- Opening Delimiter -
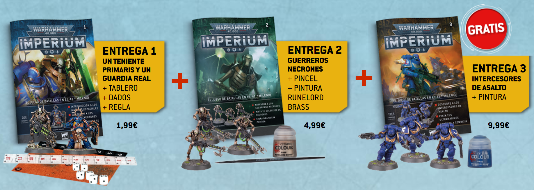Es decir, en estas pocas entregas ya es posible conseguir un personaje Necrón, un personaje Primaris, 3 Guerreros Necrones, 3 Intercesores de Asalto, 3 Destructores Skorpekh con Plasmacita Canóptico, un pincel, 3 botes variados de pinturas, 2 tableros y 6 dados.
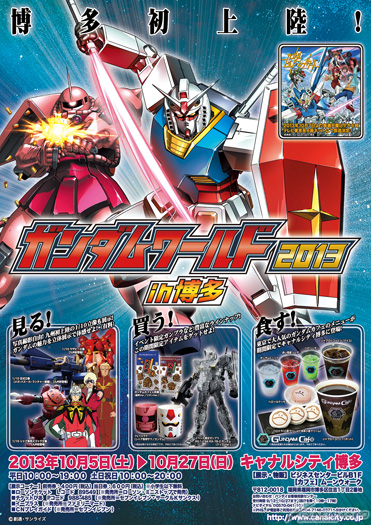 また、イベント限定グッズや限定ガンプラの販売、特設の「出張ガンダムカフェ」など、展示以外の楽しみも充実。この秋は、「ガンダムワールド2013 in 博多」へ遊びに行ってみよう。
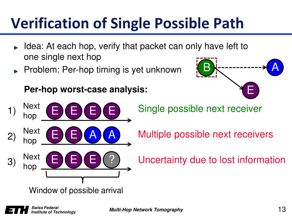 Verification of Single Possible Path • Idea: At each hop, verify that packet can only have left to one single next hop • Problem: Per-hop timing is yet unknown A B E Per-hop worst-case analysis: Next hop Single possible next receiver E E E E 1) Next hop E E A A Multiple possible next receivers 2) Next hop E E E ? Uncertainty due to lost information 3) Window of possible arrival
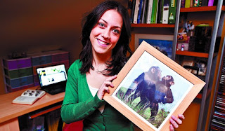 La labor investigadora de Paula se centra en el seguimiento diario de un grupo de chimpancés para conocer sus hábitos alimentarios y de nidificación.
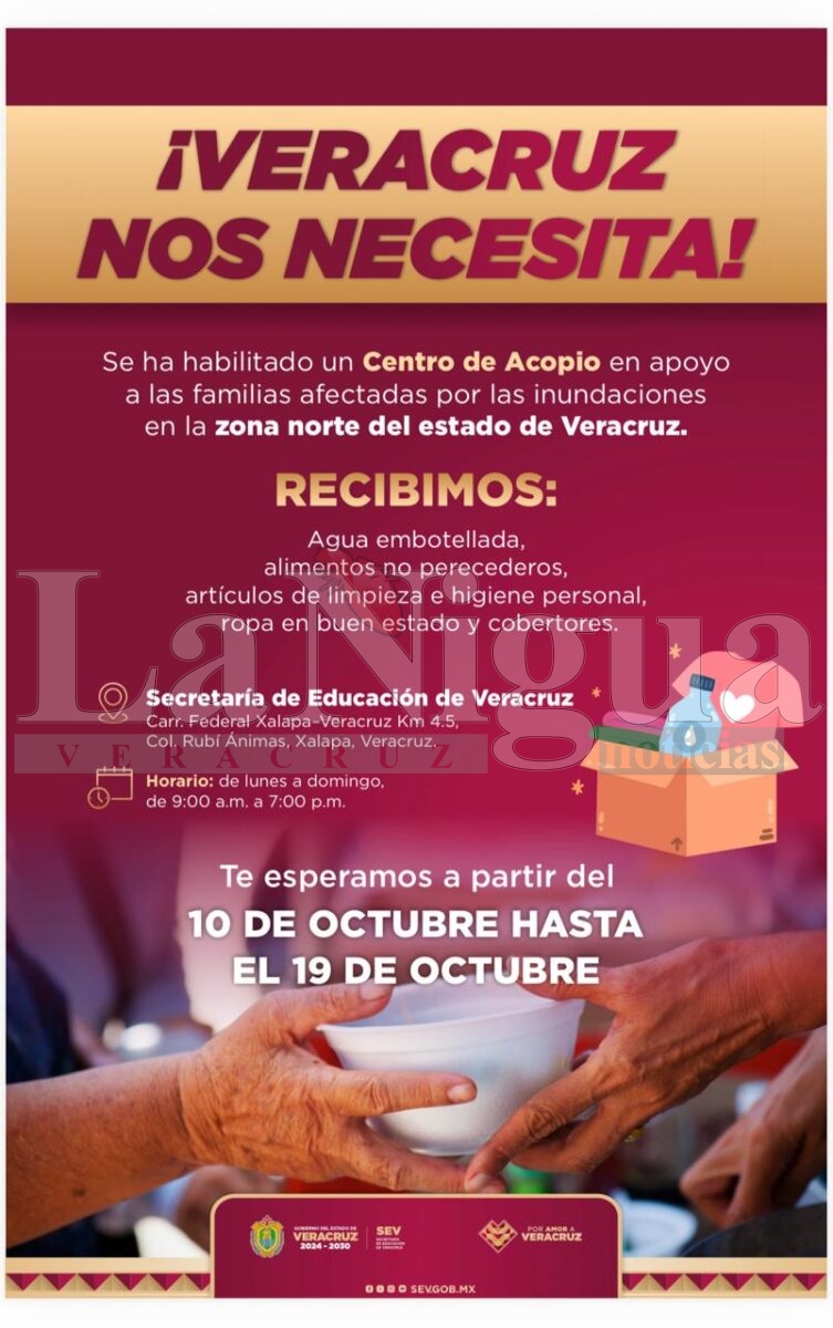 Xalapa, Ver., 10 de octubre de 2025.– A partir de este viernes, la Secretaría de Educación de Veracruz (SEV) habilitó un Centro de Acopio en sus oficinas centrales, ubicadas en el kilómetro 4.5 de la colonia Rubí Ánimas, en esta ciudad capital, con el objetivo de apoyar a las familias damnificadas por las recientes inundaciones registradas en la zona norte del estado.
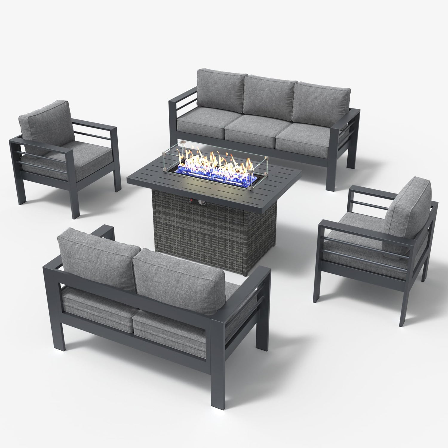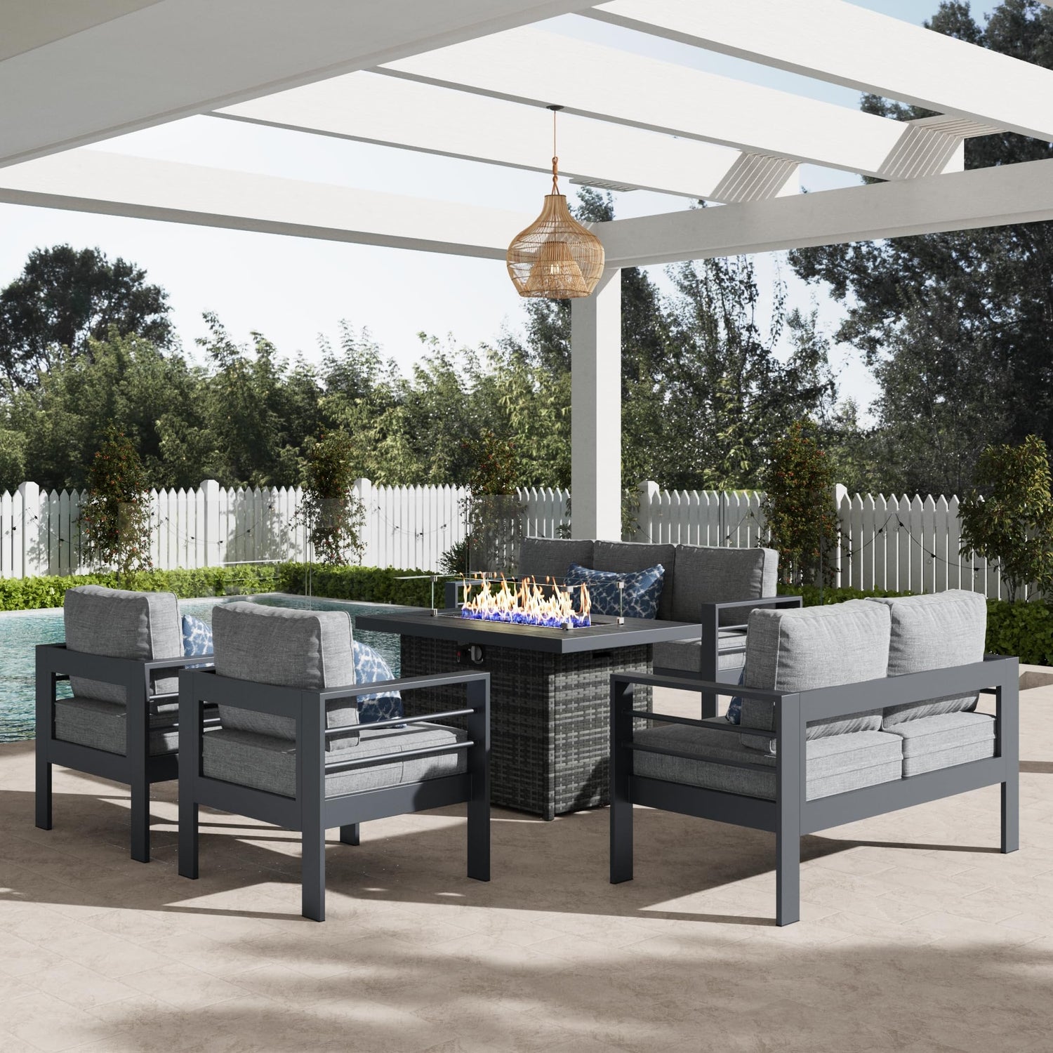 LayinSun Aluminum Furniture Set with Fire Pit Table, 5 Pieces Patio Sectional Conversation Chat Sofa Modern Seating Set
- Closing Delimiter -
Produce the material above again in full, with identical lines and no pictures.

▶ [RESULT OF THIS EXERCISE]:
Es decir, en estas pocas entregas ya es posible conseguir un personaje Necrón, un personaje Primaris, 3 Guerreros Necrones, 3 Intercesores de Asalto, 3 Destructores Skorpekh con Plasmacita Canóptico, un pincel, 3 botes variados de pinturas, 2 tableros y 6 dados.
 また、イベント限定グッズや限定ガンプラの販売、特設の「出張ガンダムカフェ」など、展示以外の楽しみも充実。この秋は、「ガンダムワールド2013 in 博多」へ遊びに行ってみよう。
 Verification of Single Possible Path • Idea: At each hop, verify that packet can only have left to one single next hop • Problem: Per-hop timing is yet unknown A B E Per-hop worst-case analysis: Next hop Single possible next receiver E E E E 1) Next hop E E A A Multiple possible next receivers 2) Next hop E E E ? Uncertainty due to lost information 3) Window of possible arrival
 La labor investigadora de Paula se centra en el seguimiento diario de un grupo de chimpancés para conocer sus hábitos alimentarios y de nidificación.
 Xalapa, Ver., 10 de octubre de 2025.– A partir de este viernes, la Secretaría de Educación de Veracruz (SEV) habilitó un Centro de Acopio en sus oficinas centrales, ubicadas en el kilómetro 4.5 de la colonia Rubí Ánimas, en esta ciudad capital, con el objetivo de apoyar a las familias damnificadas por las recientes inundaciones registradas en la zona norte del estado.
 LayinSun Aluminum Furniture Set with Fire Pit Table, 5 Pieces Patio Sectional Conversation Chat Sofa Modern Seating Set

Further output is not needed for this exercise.